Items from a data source
#####
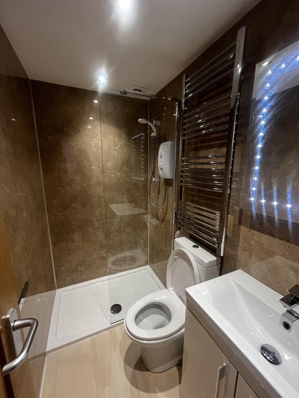 Luxury house share in Lancaster city centre comprising 3 modern en-suite bedrooms, 1 bedroom with a private bathroom and a shared living, kitchen and dining area.
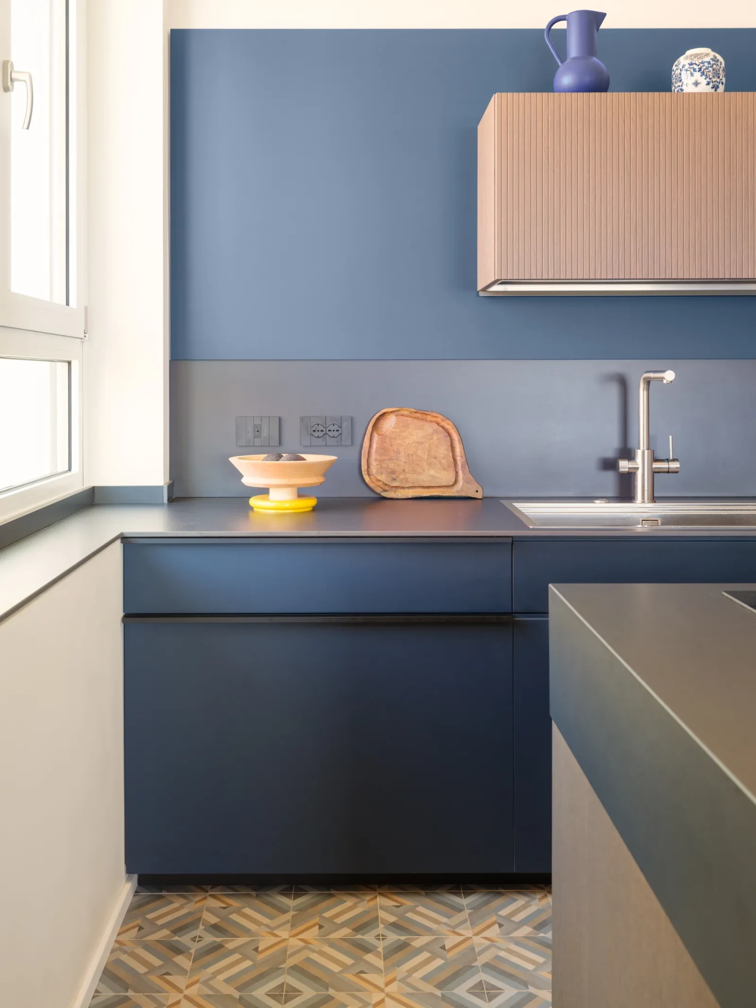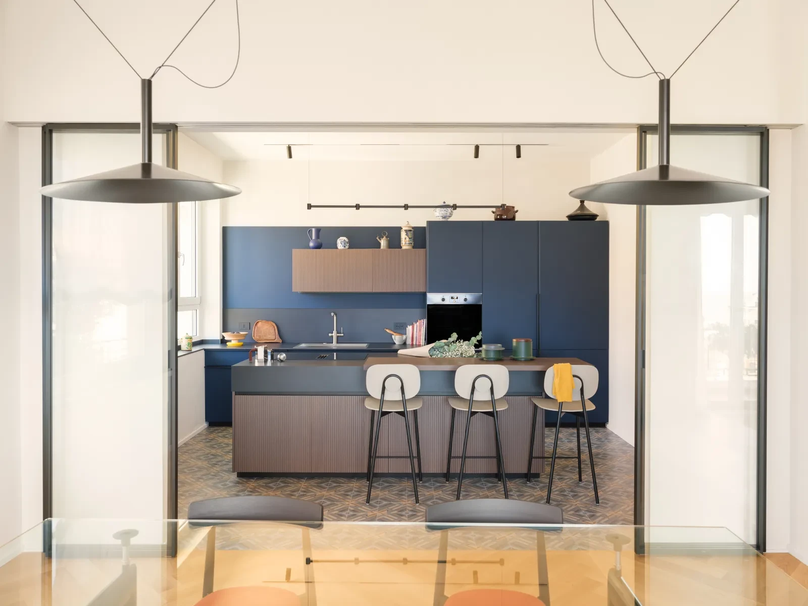 Η κουζίνα ενσωματώνεται οργανικά στον χώρο, χωρισμένη από το καθιστικό μέσω μιας γυάλινης συρόμενης επιφάνειας με μεταλλικό πλαίσιο. Η επιλογή αυτή δεν περιορίζει, αλλά ενισχύει τη φυσική ροή, επιτρέποντας στον χώρο να μετασχηματίζεται ανάλογα με τη χρήση. Τα υλικά όπως τα κεραμικά πλακάκια, οι μεταλλικές λεπτομέρειες και τα σύγχρονα φωτιστικά, δημιουργούν μια ισορροπία ανάμεσα στη λειτουργικότητα και την αισθητική καθαρότητα.
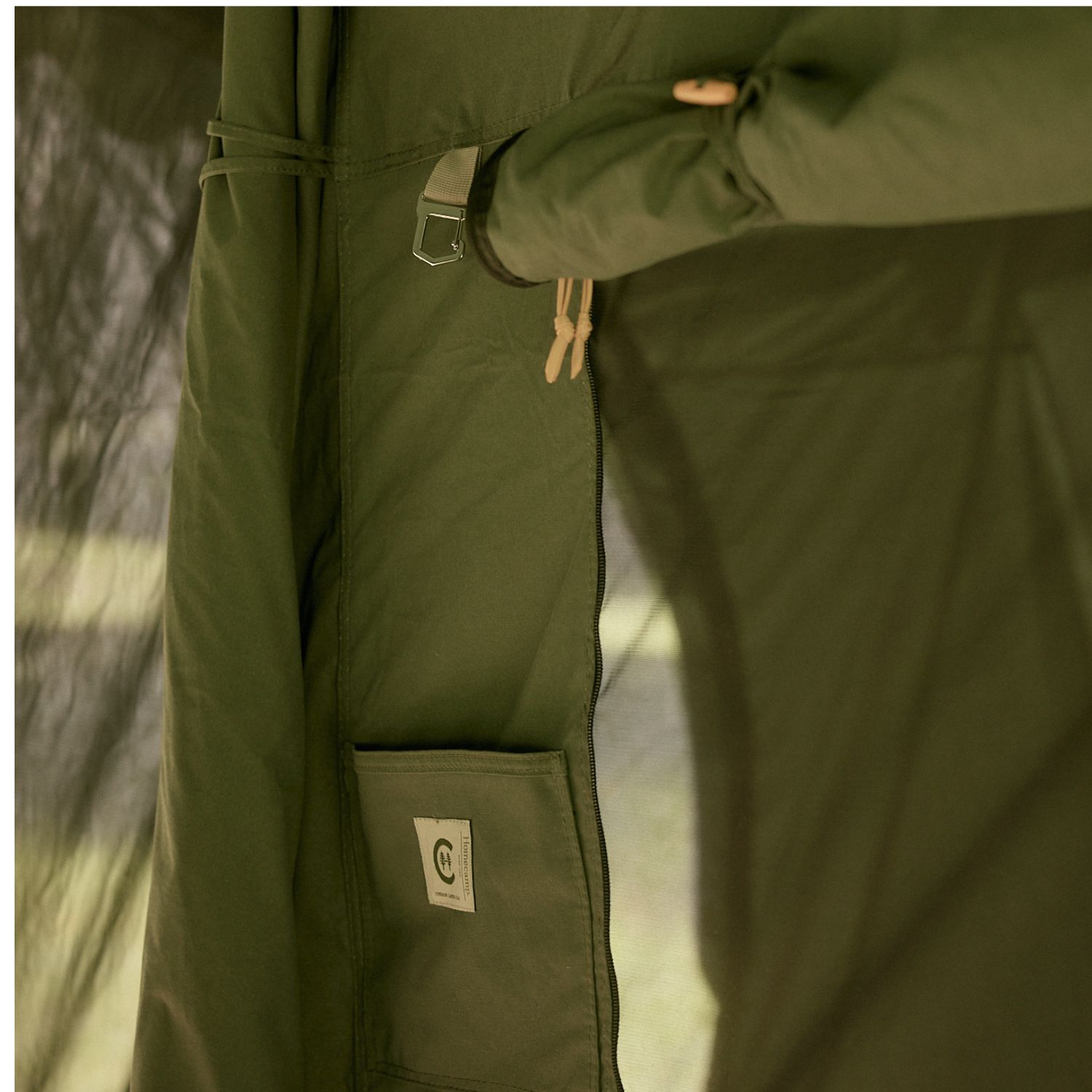 Full-height central zip door – with both mesh and canvas layers for airflow and privacy
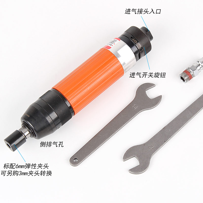 • 產(chǎn)品參數(shù): 夾頭能力:M3,6 (標(biāo)配M6) 馬達(dá)功率:0.45HP 空載轉(zhuǎn)速:18000rpm 工具能力:砂輪磨頭M32,旋轉(zhuǎn)銼刀M22 耗 氣 量:0.45m3/min 全 長:214mm 重 量 : 0.88kg 【旋鈕開關(guān)/超高同心度】
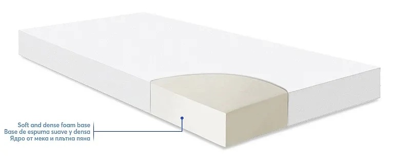 Нежный детский матрас, покрытый цветным хлопковым материалом.
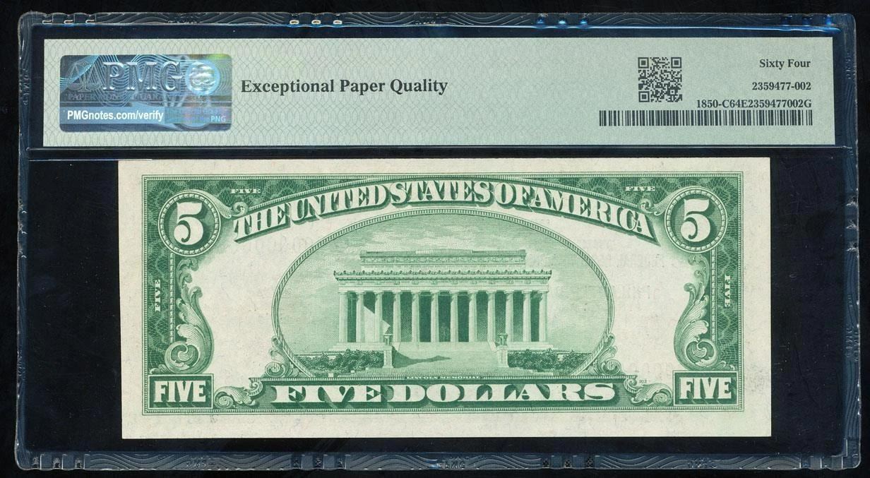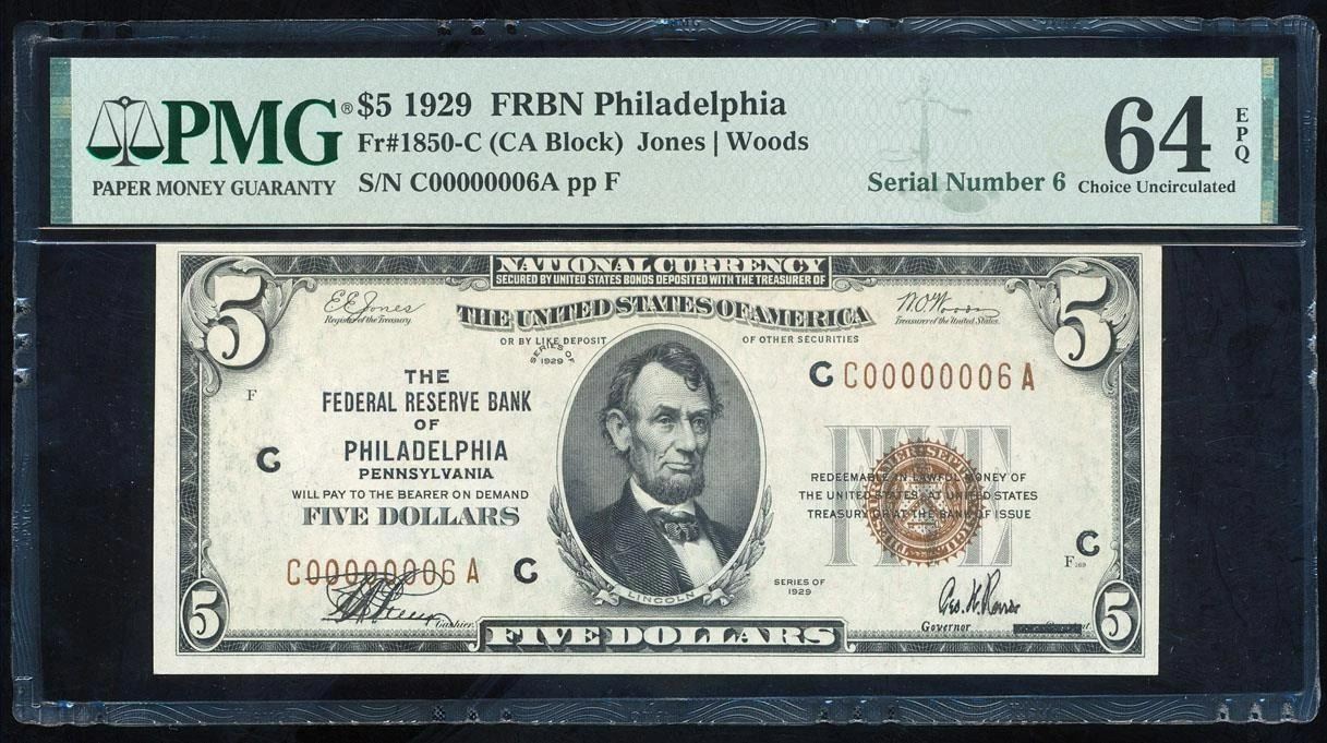 One 1929 $5 Serial 6 Philadelphia FRBN PMG 64EPQ.
#####
WHAT NEEDS TO BE DONE: Copy the lines exactly. Start at the line with "Full-height central zip", end at the last line above, include both, and omit all pictures.

RESULT FOR THIS EXERCISE:
 Full-height central zip door – with both mesh and canvas layers for airflow and privacy
 • 產(chǎn)品參數(shù): 夾頭能力:M3,6 (標(biāo)配M6) 馬達(dá)功率:0.45HP 空載轉(zhuǎn)速:18000rpm 工具能力:砂輪磨頭M32,旋轉(zhuǎn)銼刀M22 耗 氣 量:0.45m3/min 全 長:214mm 重 量 : 0.88kg 【旋鈕開關(guān)/超高同心度】
 Нежный детский матрас, покрытый цветным хлопковым материалом.
 One 1929 $5 Serial 6 Philadelphia FRBN PMG 64EPQ.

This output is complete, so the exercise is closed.